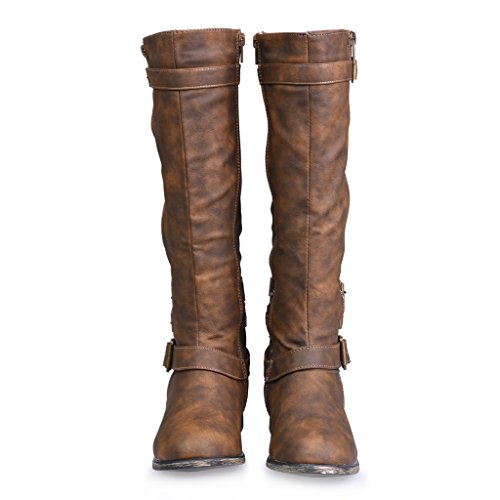 -. Title : Twisted Women's Noah Knee High Faux Leather Boots with Buckle Straps
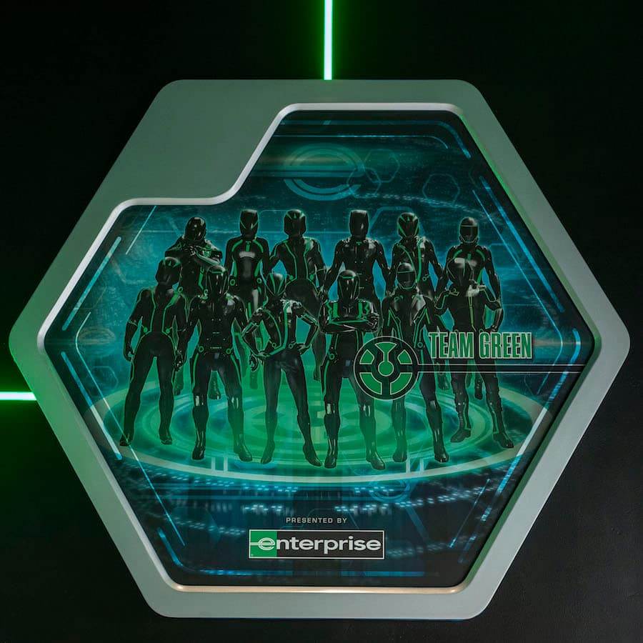 - Team Green and the programming of their Lightcycle are displayed throughout the space, connected by a single line of green light that power up the Team Green stories in unison.
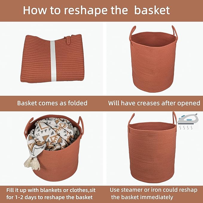 - Note: Laundry basket comes folded and may have creases. Fully filling the laundry hamper with towels or clothes and waiting for 1-8 days will help reshape the laundry basket. You can also use steam or ironing to reshape the laundry basket. The rope hamper is machine washable. If machine washing the laundry hamper, please put it in a wash bag for delicate and air dry it.
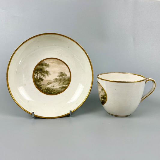18thc Derby cup & saucer in pattern number 409. Derbyshire views by Billingsley.
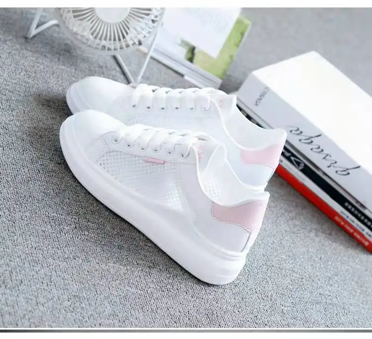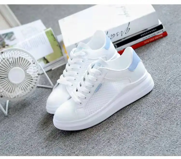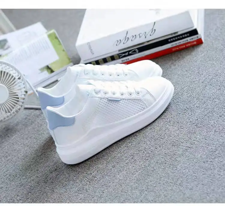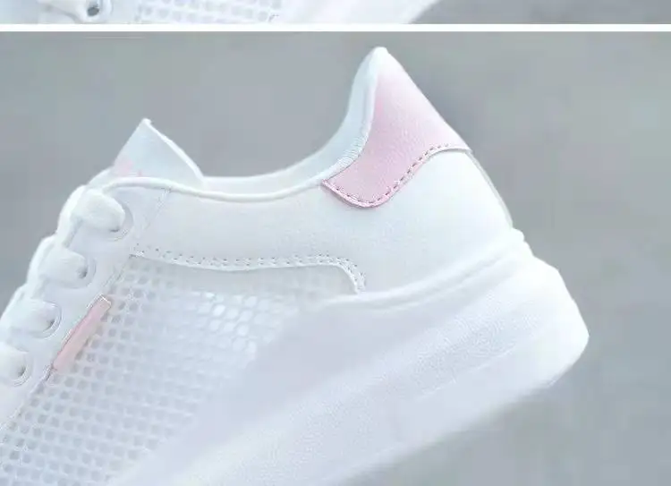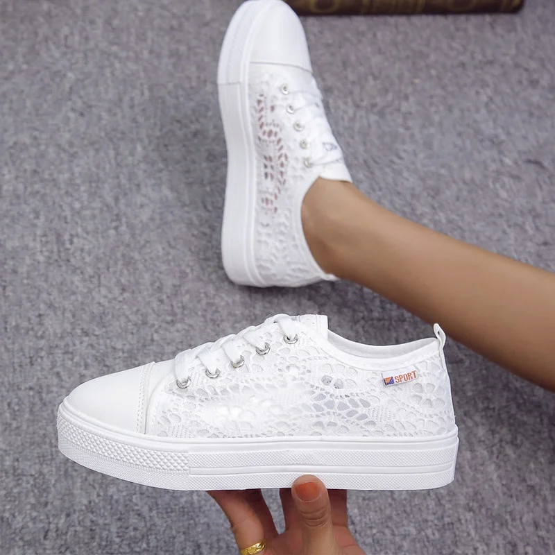 Women Shoes 2022 Fashion Summer Casual White Shoes Cutouts Lace Canvas Hollow Breathable Platform Flat Sneakers Zapatillas Mujer
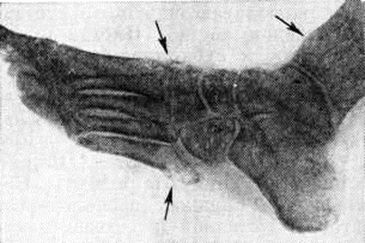 При острых артритах, травме и некоторых опухолевых поражениях костей встречается своеобразный Остеопороз в виде лентовидной полоски просветления губчатого вещества шириной в несколько сантиметров, пересекающей кость на месте эпифизарного хряща, — так называемый симптом Шинца.
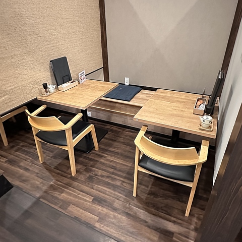 【落ち着いて食事を愉しめる半個室】和な雰囲気漂う落ち着いた空間でお洒落な造りの店内。半個室も完備しており周りを気にせず気兼ねなくお過ごし頂けます。ご家族でのご利用や、恋人・友人。会社の同僚など幅広いシーンでご利用くださいませ◎
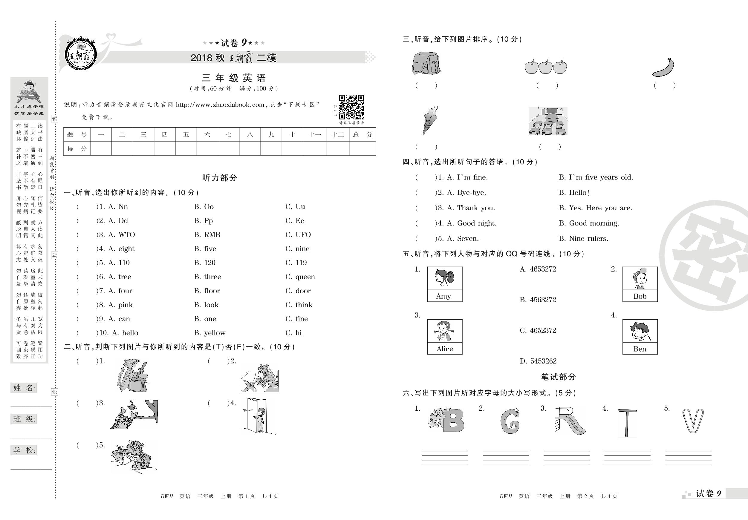 王朝霞期末模拟卷三年级上册英语(剑桥版)_R210806194946【9】
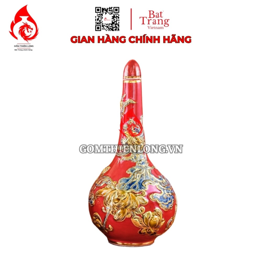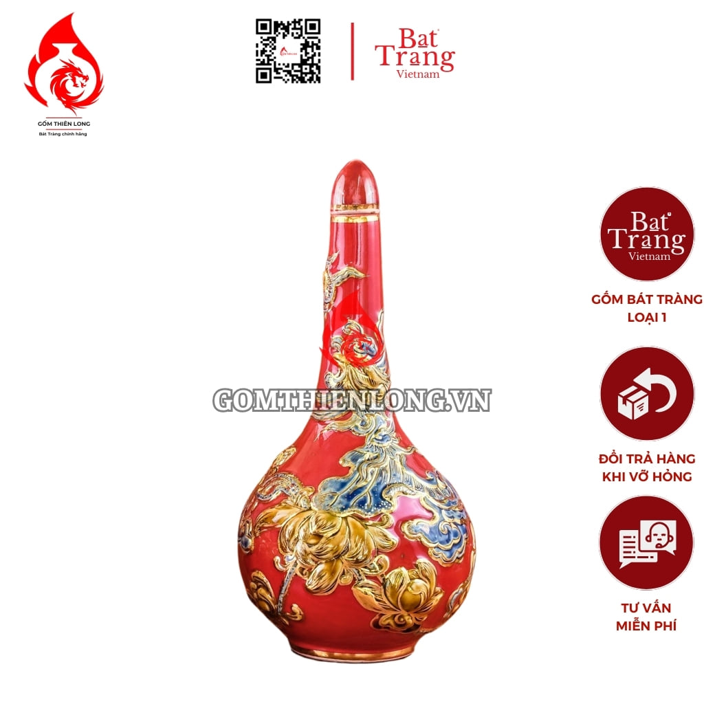 Thông tin sản phẩm Nậm Rượu Thờ Bát Tràng Men Màu Đỏ Vẽ Vàng 240150
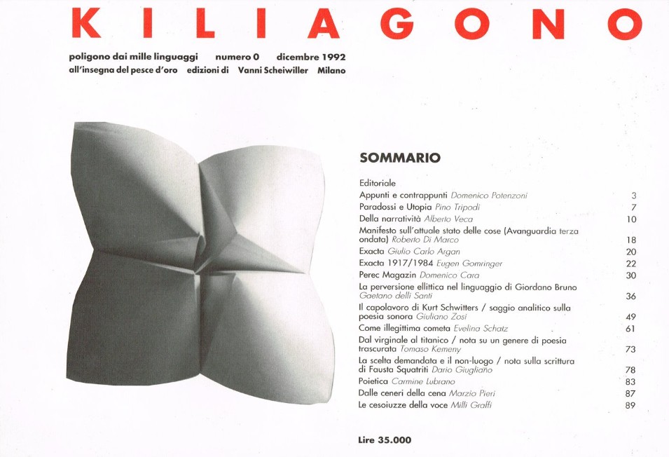 La rivista viene fondata a Milano da Gaetano Delli Santi e Fausta Squatriti per dare voce al gruppo DEE ZEE BEEE, costituitosi nel maggio 1992 nel capoluogo lombardo con l’obiettivo di condurre una ricerca interdisciplinare. «Regola del gruppo» ‒ si legge nell’Editoriale del numero 0 ‒, la cui denominazione è desunta dall’ultimo verso dell’Ursonate di Kurt Schwitters, «è la volontà di rottura del cerchio chiuso delle specializzazioni culturali che non permettono più di distinguere tra artista imprenditore e artista ricercatore» (p. 1), in favore di una ricerca intermediale, sempre aperta, plurale e progettuale. Alla compagine, formata da Gaetano Delli Santi, Fausta Squatriti, Arrigo Lora-Totino, Giuliano Zosi e Marcello Aitani, si uniscono nella redazione di «Kiliagono» Dario Giugliano, Getulio Alviani, Giulio Carlo Argan, Claudio Boncompagni, Domenico Cara, Roberto Di Marco, Carmine Lubrano, Domenico Potenzoni, Maria Grazia Torri e Pino Tripodi. Della rivista escono soltanto due numeri, lo 0 e l’1/2, rispettivamente del 1992 e del 1995, ma si rilevano alcuni contributi di particolare interesse come Manifesto sull’attuale stato delle cose (Avanguardia Terza Ondata) di Roberto Di Marco, Exacta 1917/1984 di Eugen Gomringer, Il capolavoro di Kurt Schwitters. Saggio analitico sulla poesia sonora di Giuliano Zosi, La curva e il doppio di Stelio Maria Martini e Quando l’eterogeneità fa testo di Stefano Colangelo con interventi di Bettini, Carlino, Delli Santi, Giugliano, Mastropasqua, Muzzioli, Patrizi, Pignotti, Sanguineti e Squatriti. Nel numero 0 sono presenti Come illegittima cometa di Evelina Schatz e Le cesoiuzze della voce di Milli Graffi, mentre nel numero 1/2 si segnalano Il tradurre e l’assurdo di Lina Angioletti, Paesaggio d’Oriente e d’Occidente di Marosia Castaldi e Racconto aperto di Maria Grazia Torri.
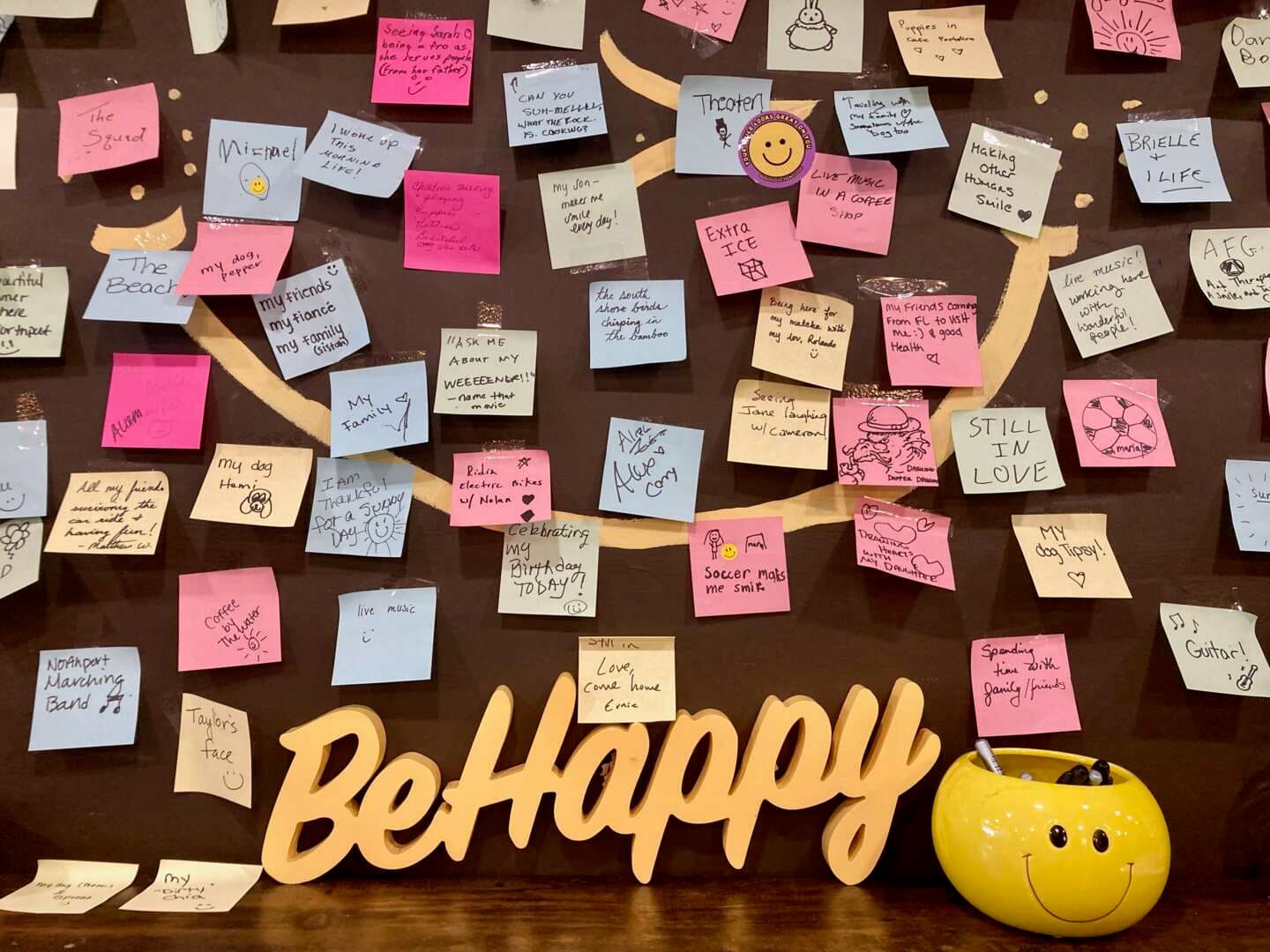 People soon began contributing to the wall themselves, sharing what had been making them happy at the time. “Little did they realize that the more they were coming to add to my wall – because now they’re thinking more about what makes them smile – the more they were focusing on the good,” Neumann said. “So now it’s going to come back tenfold. Not only is it making me happy, but it’s making everyone around me happy. It’s creating this ripple effect of positivity.”
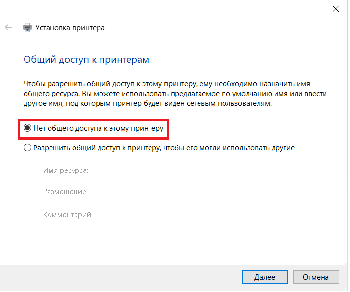 12. На данной странице выбираем "Нет общего доступа к этому принтеру" (всё верно, эта настройка не значит, что вы запретите печатать коллегам), нажимаем "Далее":
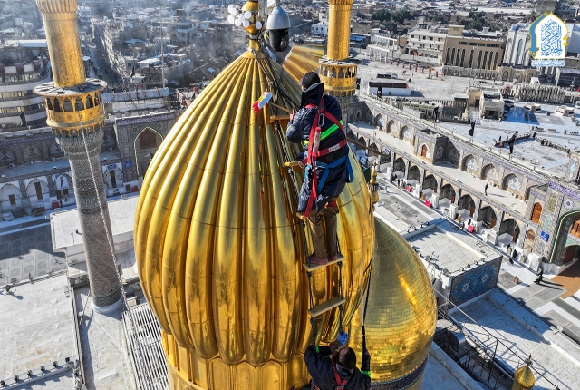 وتضمنت الأعمال جلي القباب والمآذن بشكل الكامل وبدقة عالية، لإزالة عوامل الأكسدة والترسبات الناتجة عن الظروف الجوية وتقلبات المناخ، التي قد تؤثر على لمعان وبريق البلاطات الذهبية المكسوة بها، ما يسهم في المحافظة على بريقها وسلامتها وإدامة عمرها الافتراضي ومنع تآكلها جرّاء هذه المؤثرات البيئية.
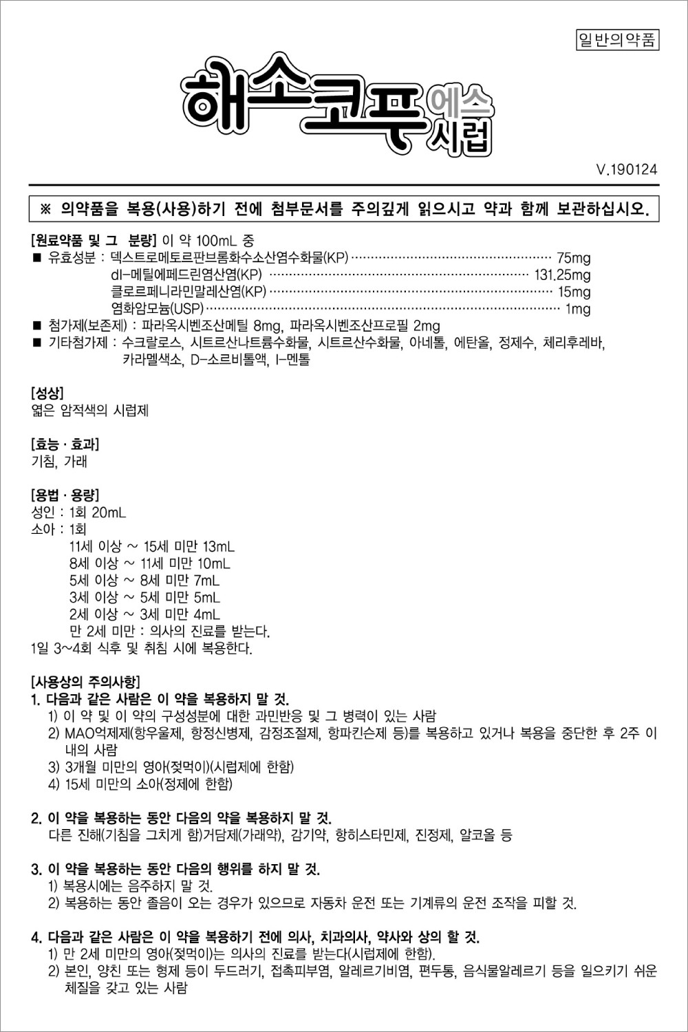 덱스트로메토르판브롬화수소산염수화물 75mg/100ml, 클로르페니라민말레산염 15mg/100ml, 염화암모늄 1000mg/100ml, DL-메틸에페드린염산염 131.25mg/100ml
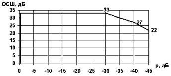 Для цифровых каналов ТЧ вводится дополнительная характеристика, которая оценивает шумы квантования. Эта характеристика задается в виде зависимости отношения сигнал-шум (ОСШ) от уровня сигнала (рисунок 3.2.8).
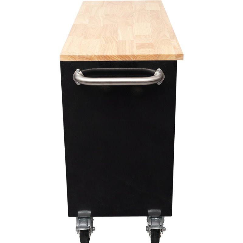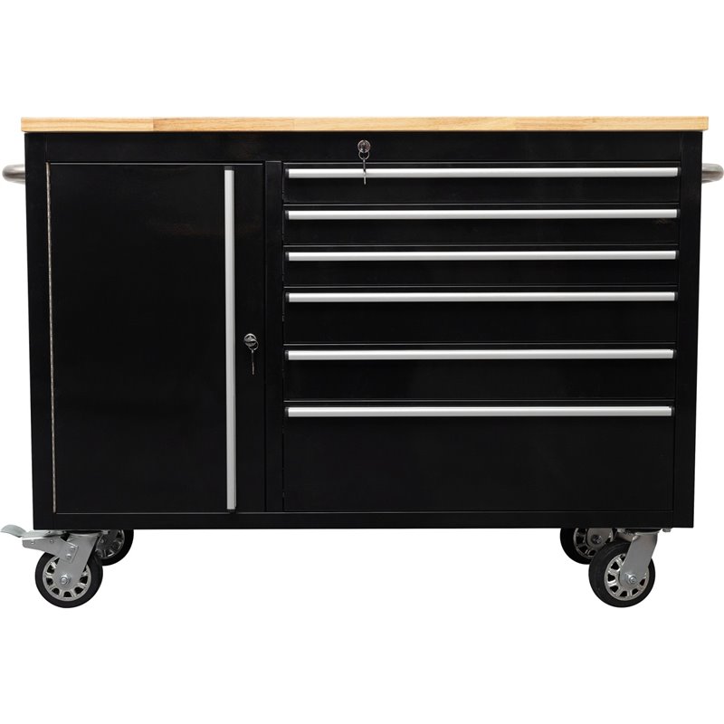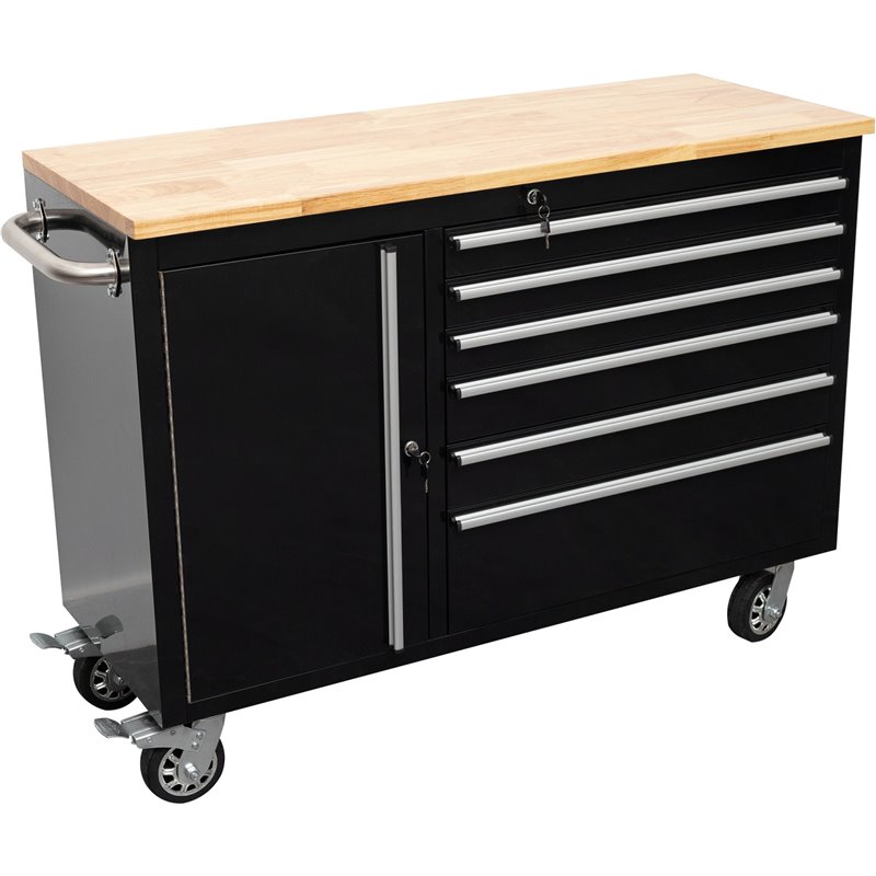 Heavy Duty Steel Rolling Tool Chest with Wooden Worktop 6 Drawers 1 Side Cabinet 1355x482x880mm Black | Stalwart DA-482038ABLACK
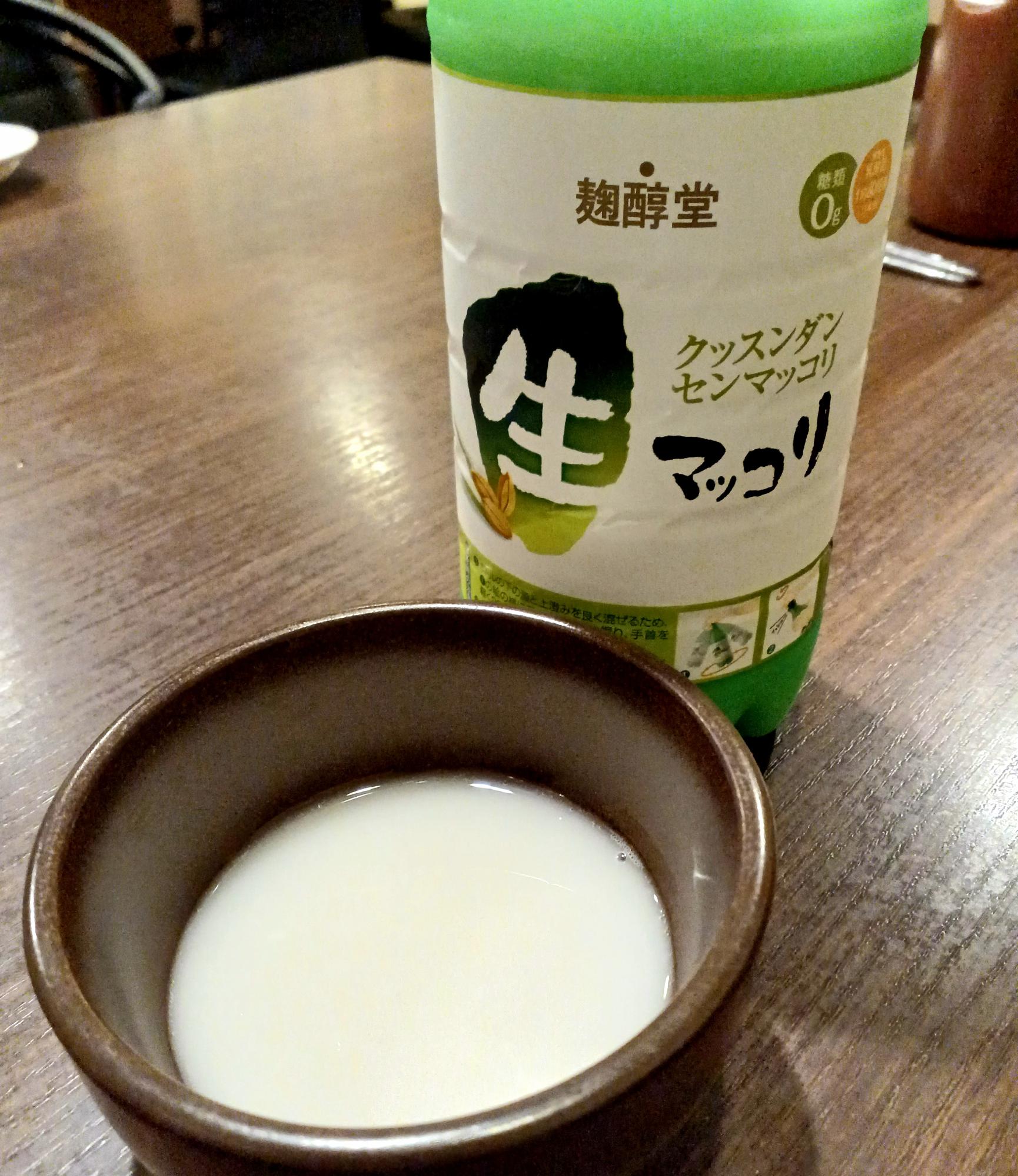 今宵のお供は、生マッコリ(センマッコリ)。中身を上下して混ぜて「30秒待ってから開ける」とのこと。待たないと…おそらくマッコリがボトルから吹き出します!甘すぎず飲みやすい。

EXERCISE:
What you output must be exactly the lines from the line with "Для цифровых каналов" through the last line of the listing, pictures excluded.

WRITTEN RESPONSE:
 Для цифровых каналов ТЧ вводится дополнительная характеристика, которая оценивает шумы квантования. Эта характеристика задается в виде зависимости отношения сигнал-шум (ОСШ) от уровня сигнала (рисунок 3.2.8).
 Heavy Duty Steel Rolling Tool Chest with Wooden Worktop 6 Drawers 1 Side Cabinet 1355x482x880mm Black | Stalwart DA-482038ABLACK
 今宵のお供は、生マッコリ(センマッコリ)。中身を上下して混ぜて「30秒待ってから開ける」とのこと。待たないと…おそらくマッコリがボトルから吹き出します!甘すぎず飲みやすい。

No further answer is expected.